Aim of the task:
Word for word, restate the records that come next, omitting the images.
---*---
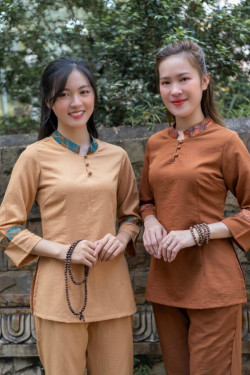 Bộ Pháp Phục, Đồ Lam Nữ Đi Chùa – Cổ Tàu Thêu Ngộ - Size S,M,L,XL
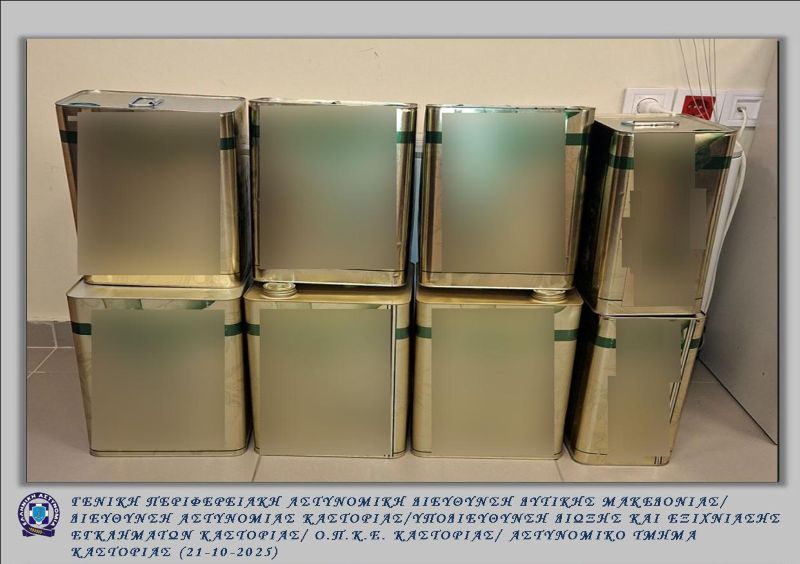 Ειδικότερα, χθες το απόγευμα οι προαναφερόμενοι αστυνομικοί, εντόπισαν στην πόλη της Καστοριάς, Ι.Χ.Ε. αυτοκίνητο με οδηγό τον 66χρονο ημεδαπό και σε αστυνομικό έλεγχο που πραγματοποιήθηκε διαπιστώθηκε, να κατέχει και να διαθέτει προς πώληση -8- δοχεία, τα οποία περιείχαν συνολικά -101- λίτρα λαδιού, αγνώστου προέλευσης και αμφιβόλου ποιότητας που προσομοίαζε σε ελαιόλαδο, χωρίς να διαθέτουν τα νόμιμα παραστατικά έγγραφα αγοράς.
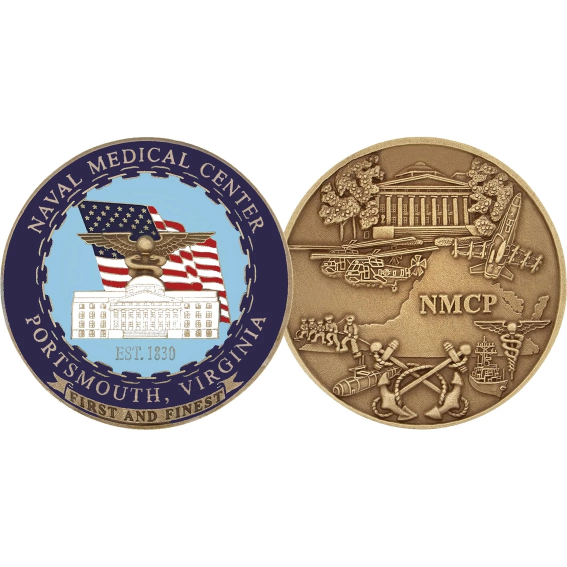 The Portsmouth Naval Medical Center is depicted on one side of this coin with the U.S. Flag superimposed with an eagle and a replica of the medical center. The other side of this coin from Challenge Coin features the NMC with several images.
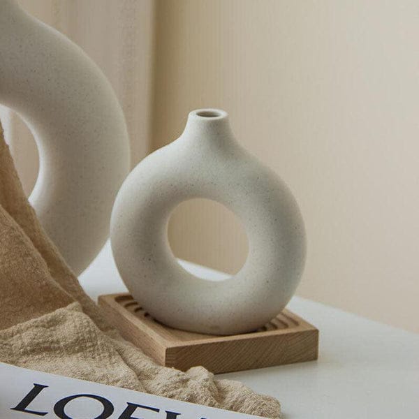 Vaso Pequeno Nórdico Minimalista Donut em cerâmica branca para decoração
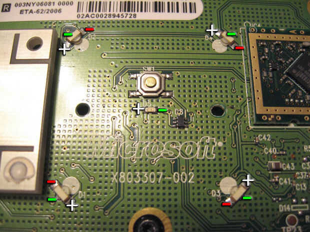 Como se puede ver en la primera foto, había diseñado el jugador LEDs en Publisher, luego los imprimí y había grabado el diseño en pequeñas piezas de acrílico de aproximadamente 15 x 15 mm x 5 mm de espesor. Luego até un SMD LED al lado de todas las piezas que están conectados de anillo de Junta RF de salidas de luz. Ver el pinout de la Junta de RF - unsoldered los LEDs de la tarjeta y soldar el jugador LEDs. En vez del anillo de luz, ahora tenemos 4 LEDs del jugador que la luz. También el LED de alimentación está conectado a la pieza de acrílico con mi nombre - cuando los poderes de XBox 360 para arriba, mi nombre ilumina con rojo en el lado izquierdo. Cuando la energía está conectada, el voltaje de standby se ilumina el lado derecho del acrílico. Así que cuando está totalmente encendido, un lado es rojo y el otro es azul.
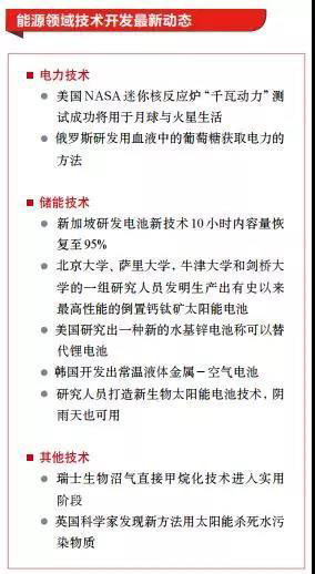 未來(lái),能源將繼續(xù)向著低碳化、綠色、高效方向發(fā)展。歐盟科研創(chuàng)新資助計(jì)劃“地平線2020”2018 ~ 2020 年度支出方案中,“低碳和適應(yīng)氣候變化的未來(lái)”領(lǐng)域?qū)@ 33 億歐元預(yù)算,按年度工作計(jì)劃,可再生能源、能效建筑、電動(dòng)運(yùn)輸和儲(chǔ)存方案 4個(gè)清潔能源領(lǐng)域的項(xiàng)目將獲 22 億歐元撥款。俄能源部宣布支持設(shè)立遠(yuǎn)東聯(lián)邦區(qū)可再生能源發(fā)展基金,并將制訂具體建議。英國(guó)將投入 2800 萬(wàn)英鎊資助可再生能源創(chuàng)新、智慧能源系統(tǒng)創(chuàng)新、低碳工業(yè)創(chuàng)新、核能創(chuàng)新等能源創(chuàng)新項(xiàng)目,作為能源創(chuàng)新計(jì)劃 (2016 ~ 2021年 )的一部分。特朗普政府宣布退出巴黎協(xié)定,全球應(yīng)對(duì)氣候變化形勢(shì)變得撲朔迷離,但全球能源領(lǐng)域轉(zhuǎn)型已是大勢(shì)所趨,綠色能源技術(shù)、低碳能源技術(shù)必然是未來(lái)發(fā)展主要方向。
---*---
Response area:
 Bộ Pháp Phục, Đồ Lam Nữ Đi Chùa – Cổ Tàu Thêu Ngộ - Size S,M,L,XL
 Ειδικότερα, χθες το απόγευμα οι προαναφερόμενοι αστυνομικοί, εντόπισαν στην πόλη της Καστοριάς, Ι.Χ.Ε. αυτοκίνητο με οδηγό τον 66χρονο ημεδαπό και σε αστυνομικό έλεγχο που πραγματοποιήθηκε διαπιστώθηκε, να κατέχει και να διαθέτει προς πώληση -8- δοχεία, τα οποία περιείχαν συνολικά -101- λίτρα λαδιού, αγνώστου προέλευσης και αμφιβόλου ποιότητας που προσομοίαζε σε ελαιόλαδο, χωρίς να διαθέτουν τα νόμιμα παραστατικά έγγραφα αγοράς.
 The Portsmouth Naval Medical Center is depicted on one side of this coin with the U.S. Flag superimposed with an eagle and a replica of the medical center. The other side of this coin from Challenge Coin features the NMC with several images.
 Vaso Pequeno Nórdico Minimalista Donut em cerâmica branca para decoração
 Como se puede ver en la primera foto, había diseñado el jugador LEDs en Publisher, luego los imprimí y había grabado el diseño en pequeñas piezas de acrílico de aproximadamente 15 x 15 mm x 5 mm de espesor. Luego até un SMD LED al lado de todas las piezas que están conectados de anillo de Junta RF de salidas de luz. Ver el pinout de la Junta de RF - unsoldered los LEDs de la tarjeta y soldar el jugador LEDs. En vez del anillo de luz, ahora tenemos 4 LEDs del jugador que la luz. También el LED de alimentación está conectado a la pieza de acrílico con mi nombre - cuando los poderes de XBox 360 para arriba, mi nombre ilumina con rojo en el lado izquierdo. Cuando la energía está conectada, el voltaje de standby se ilumina el lado derecho del acrílico. Así que cuando está totalmente encendido, un lado es rojo y el otro es azul.
 未來(lái),能源將繼續(xù)向著低碳化、綠色、高效方向發(fā)展。歐盟科研創(chuàng)新資助計(jì)劃“地平線2020”2018 ~ 2020 年度支出方案中,“低碳和適應(yīng)氣候變化的未來(lái)”領(lǐng)域?qū)@ 33 億歐元預(yù)算,按年度工作計(jì)劃,可再生能源、能效建筑、電動(dòng)運(yùn)輸和儲(chǔ)存方案 4個(gè)清潔能源領(lǐng)域的項(xiàng)目將獲 22 億歐元撥款。俄能源部宣布支持設(shè)立遠(yuǎn)東聯(lián)邦區(qū)可再生能源發(fā)展基金,并將制訂具體建議。英國(guó)將投入 2800 萬(wàn)英鎊資助可再生能源創(chuàng)新、智慧能源系統(tǒng)創(chuàng)新、低碳工業(yè)創(chuàng)新、核能創(chuàng)新等能源創(chuàng)新項(xiàng)目,作為能源創(chuàng)新計(jì)劃 (2016 ~ 2021年 )的一部分。特朗普政府宣布退出巴黎協(xié)定,全球應(yīng)對(duì)氣候變化形勢(shì)變得撲朔迷離,但全球能源領(lǐng)域轉(zhuǎn)型已是大勢(shì)所趨,綠色能源技術(shù)、低碳能源技術(shù)必然是未來(lái)發(fā)展主要方向。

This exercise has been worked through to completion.